Israel's tactical setbacks in the war against Iraq are expected to be a key focus of debate in the August elections, and this political variable continues to influence market pricing of Middle East geopolitical risks.
Geopolitical Chaos: Israel's Strategic Differences and America's Ultimate Dominance
The current US-Iran rivalry has become deeply entangled in the blurred lines between geopolitical chaos and military competition.
Weeks after the ceasefire agreement was signed on April 8, Israeli Defense Minister Israel Katz publicly stated that Israel would immediately launch a "Stone Age" level devastating strike against Iran if authorized by the United States, highlighting Israel's tough stance on restarting the conflict.
Former Israeli government advisor Daniel Levy revealed that there is a clear strategic divide within Israel: some factions advocate for cutting losses and withdrawing from the conflict, while the political mainstream, led by Prime Minister Netanyahu, tends to escalate the stakes, utilizing US military assets deployed near Iran's coast in an attempt to fundamentally weaken Iran's geopolitical influence.
From the perspective of the linkage between geopolitics and financial markets, although there is a high level of political support in Israel for restarting the war against Iraq, Netanyahu's actions are still constrained by the framework of the US-Israel alliance.
Levy emphasized, "The US attitude is the ultimate switch in this conflict." As Trump clearly stated to Netanyahu after Tuesday night's call, "He will do exactly as I say," this statement further solidified market expectations of a US-led Middle East peace process, and its impact has been deeply transmitted to core financial market indicators.

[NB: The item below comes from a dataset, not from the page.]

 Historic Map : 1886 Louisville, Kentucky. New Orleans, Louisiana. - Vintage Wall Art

Financial Linkage: The Profound Impact of the US-Iran Situation on Financial Markets
The uncertainty surrounding the US-Iran conflict and the US's strategic dominance are directly influencing the volatility of oil prices, the US dollar index, and US Treasury yields.
Geopolitical tensions have fueled risk aversion, which has become a key factor supporting the strengthening of the US dollar index. Coupled with the relative resilience of US economic data and fluctuations in inflation expectations, the US dollar index has rebounded after being under pressure recently, prompting speculative traders to adjust their short positions to hedge against risks.

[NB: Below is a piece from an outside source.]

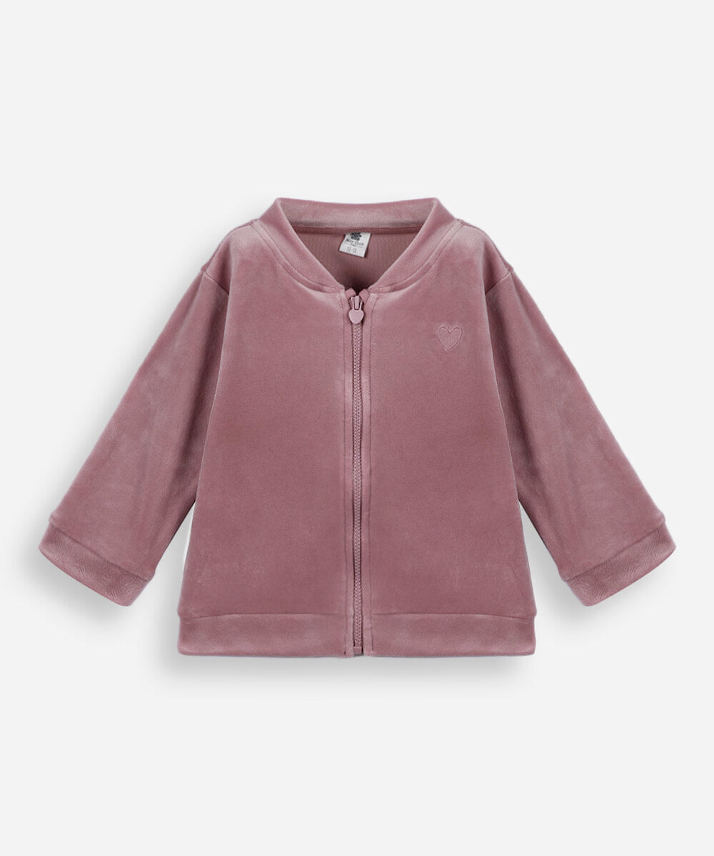 jaqueta infantil de plush com bordado rosa

At the same time, the US Treasury market was also significantly impacted: the turmoil in the Middle East pushed up international oil prices, exacerbated inflation expectations, and weakened market bets on the Federal Reserve to cut interest rates, directly leading to a sharp rise of about 38 basis points in the 10-year US Treasury yield in March. Foreign investors reduced their holdings of US Treasuries to avoid duration risks, and foreign official and international accounts saw a cumulative decrease of nearly $82 billion in US Treasury custodian holdings at the Federal Reserve Bank of New York that month.

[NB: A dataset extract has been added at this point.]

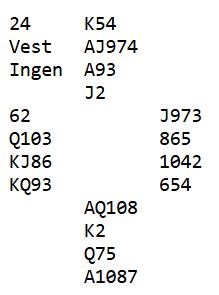 Vest har altså vist 9 HP i ruter så langt, øst 4 HP i kløver. Motspillerne skal fortsatt dele på 10 HP (spar konge, hjerter ess og kløver konge). Er det egentlig noen god grunn til å toppe fremfor å ta finessen når det er såpass god plass til at øst kan ha spar konge?

There were also some unexpected developments regarding US Treasury bonds. Gulf states, facing disruptions to oil and general trade, were forced to sell US Treasury bonds and buy dollars. Meanwhile, due to the sharp rise in global energy and raw material prices, countries like Japan, which rely heavily on imports, experienced severe imported inflation. This led to increased costs and higher prices for their domestic products, ultimately causing their currencies to depreciate both domestically and internationally. Consequently, some central banks intervened, continuing to sell US Treasury bonds.
At the same time, oil prices also rebounded rapidly.